• _GIVEN RECORDS_:

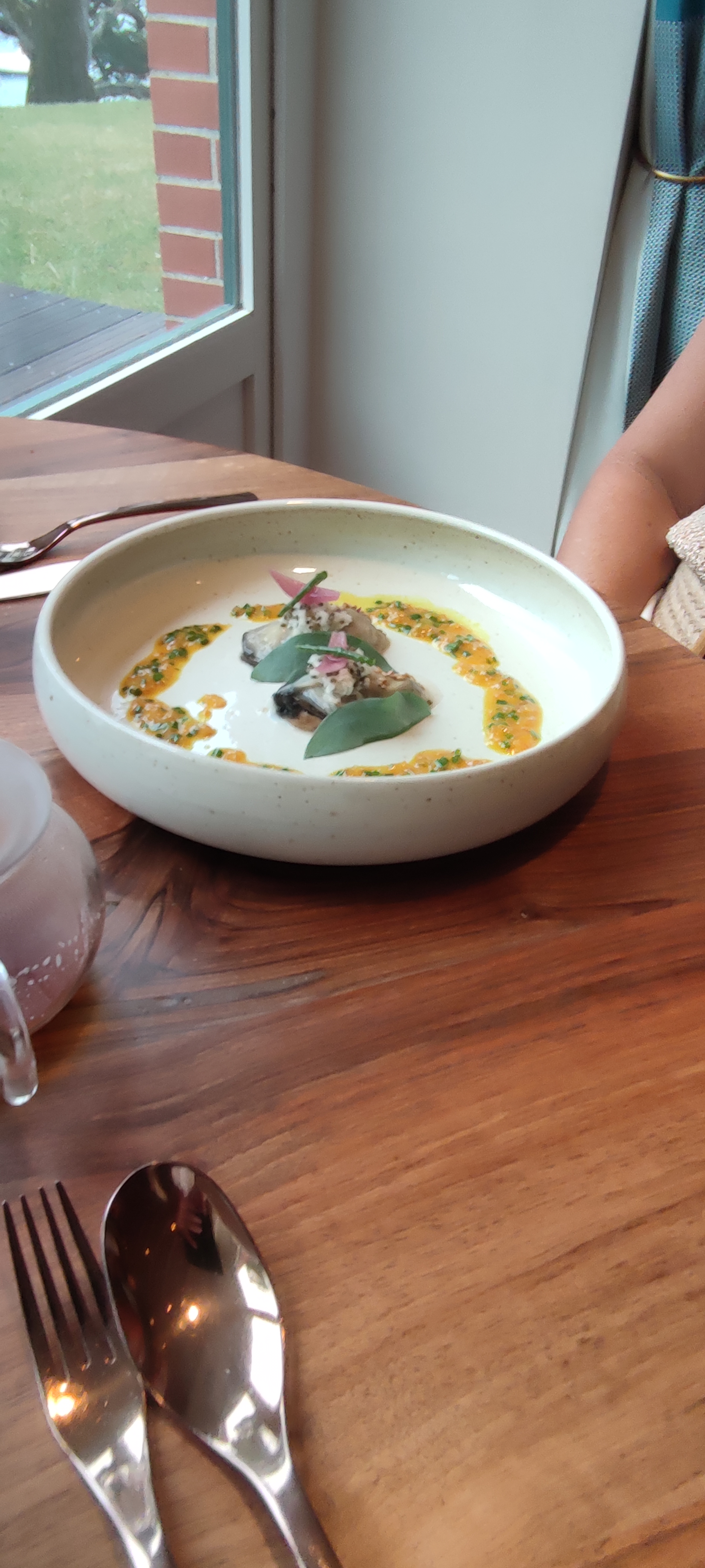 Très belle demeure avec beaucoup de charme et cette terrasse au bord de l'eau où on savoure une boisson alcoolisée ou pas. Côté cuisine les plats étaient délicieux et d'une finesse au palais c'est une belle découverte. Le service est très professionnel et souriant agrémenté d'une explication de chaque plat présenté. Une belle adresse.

---

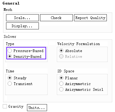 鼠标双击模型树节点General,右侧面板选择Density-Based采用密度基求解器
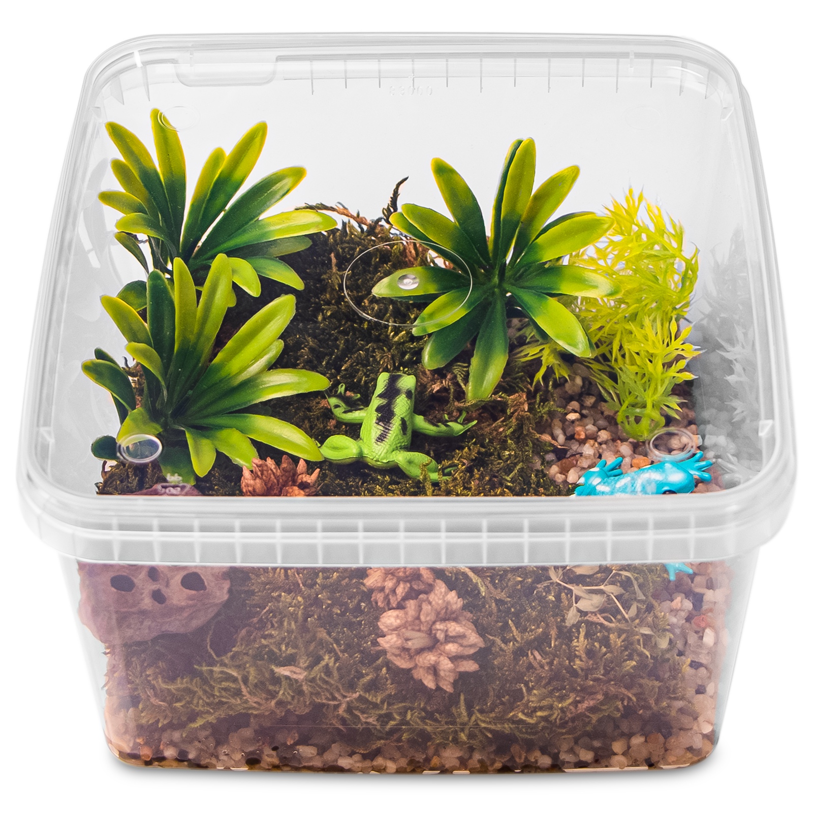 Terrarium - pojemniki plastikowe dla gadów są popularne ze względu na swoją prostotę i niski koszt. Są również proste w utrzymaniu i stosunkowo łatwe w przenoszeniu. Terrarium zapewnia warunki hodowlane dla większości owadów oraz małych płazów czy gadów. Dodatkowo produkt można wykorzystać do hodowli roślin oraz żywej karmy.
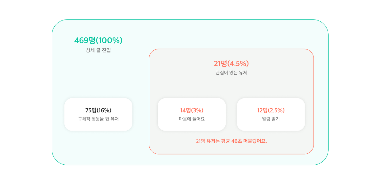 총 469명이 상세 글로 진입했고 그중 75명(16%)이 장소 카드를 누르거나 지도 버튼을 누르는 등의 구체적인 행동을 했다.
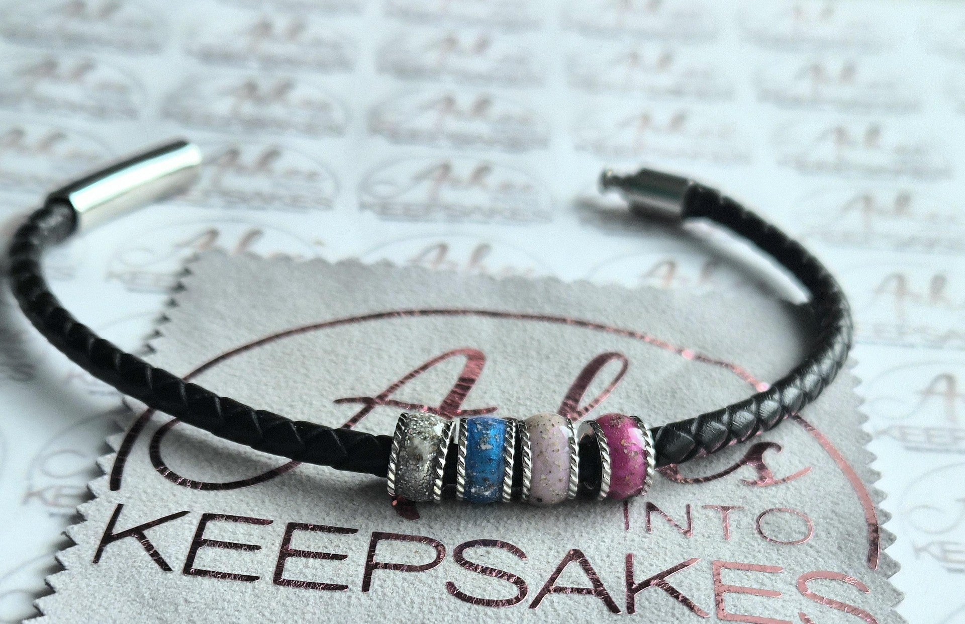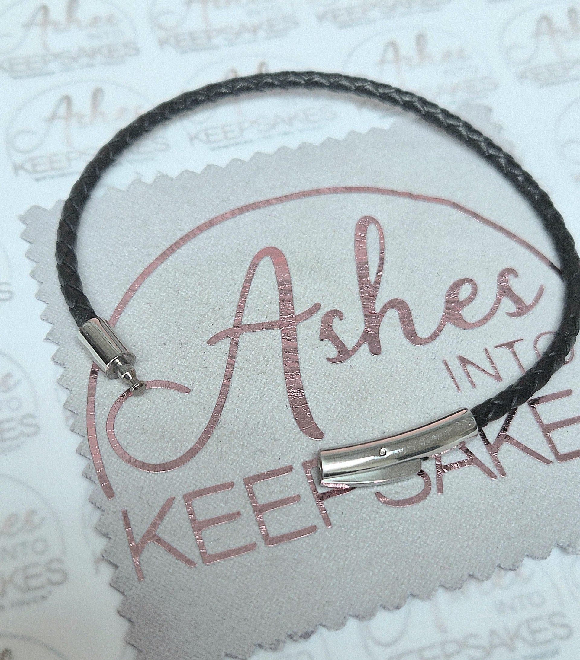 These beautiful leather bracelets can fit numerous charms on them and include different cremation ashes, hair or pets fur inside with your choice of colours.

* * *

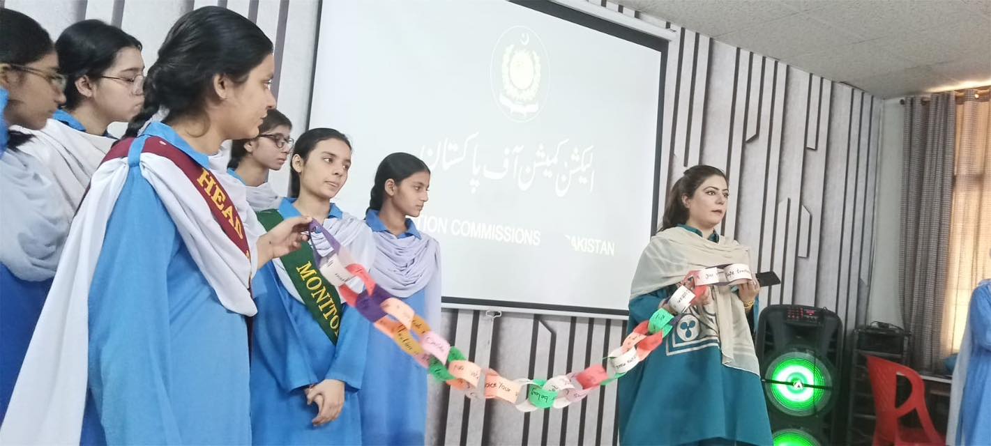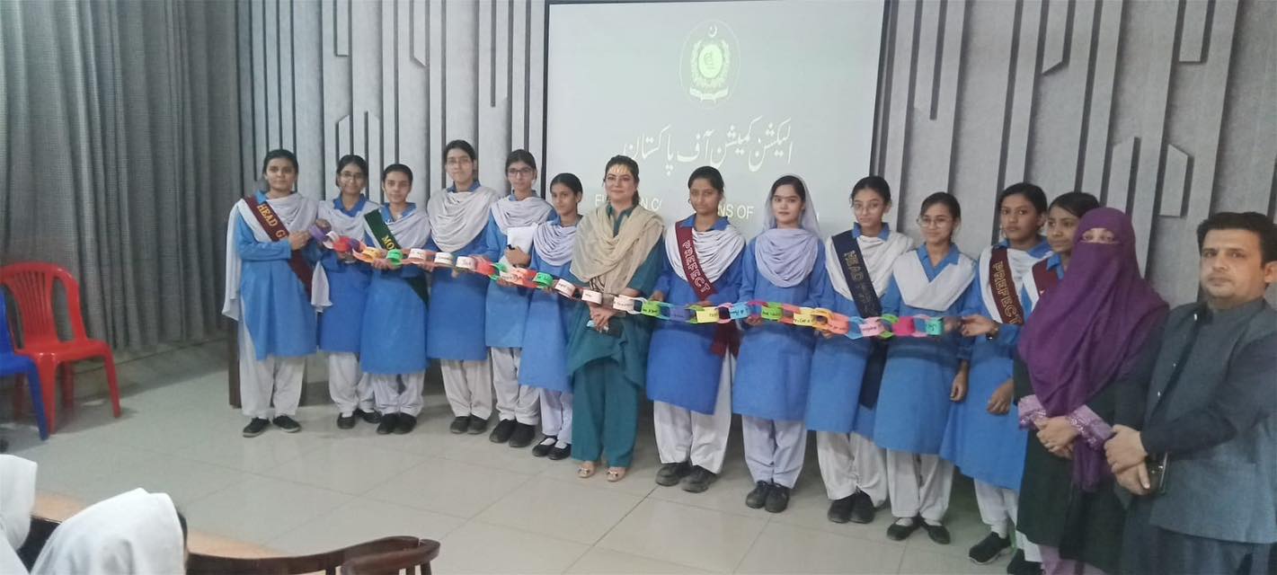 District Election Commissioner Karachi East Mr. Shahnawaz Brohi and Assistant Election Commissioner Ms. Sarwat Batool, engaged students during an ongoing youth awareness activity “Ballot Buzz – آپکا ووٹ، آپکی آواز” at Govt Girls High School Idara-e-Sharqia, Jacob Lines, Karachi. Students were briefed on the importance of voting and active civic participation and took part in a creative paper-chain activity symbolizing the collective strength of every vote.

• _EXERCISE AIM_:
All pictures are to be skipped. Output, word for word, the lines in the data above starting at the line containing "鼠标双击模型树节点Gener" and ending at the line containing "These beautiful leather".

• _SOLVED PROBLEM_:
 鼠标双击模型树节点General,右侧面板选择Density-Based采用密度基求解器
 Terrarium - pojemniki plastikowe dla gadów są popularne ze względu na swoją prostotę i niski koszt. Są również proste w utrzymaniu i stosunkowo łatwe w przenoszeniu. Terrarium zapewnia warunki hodowlane dla większości owadów oraz małych płazów czy gadów. Dodatkowo produkt można wykorzystać do hodowli roślin oraz żywej karmy.
 총 469명이 상세 글로 진입했고 그중 75명(16%)이 장소 카드를 누르거나 지도 버튼을 누르는 등의 구체적인 행동을 했다.
 These beautiful leather bracelets can fit numerous charms on them and include different cremation ashes, hair or pets fur inside with your choice of colours.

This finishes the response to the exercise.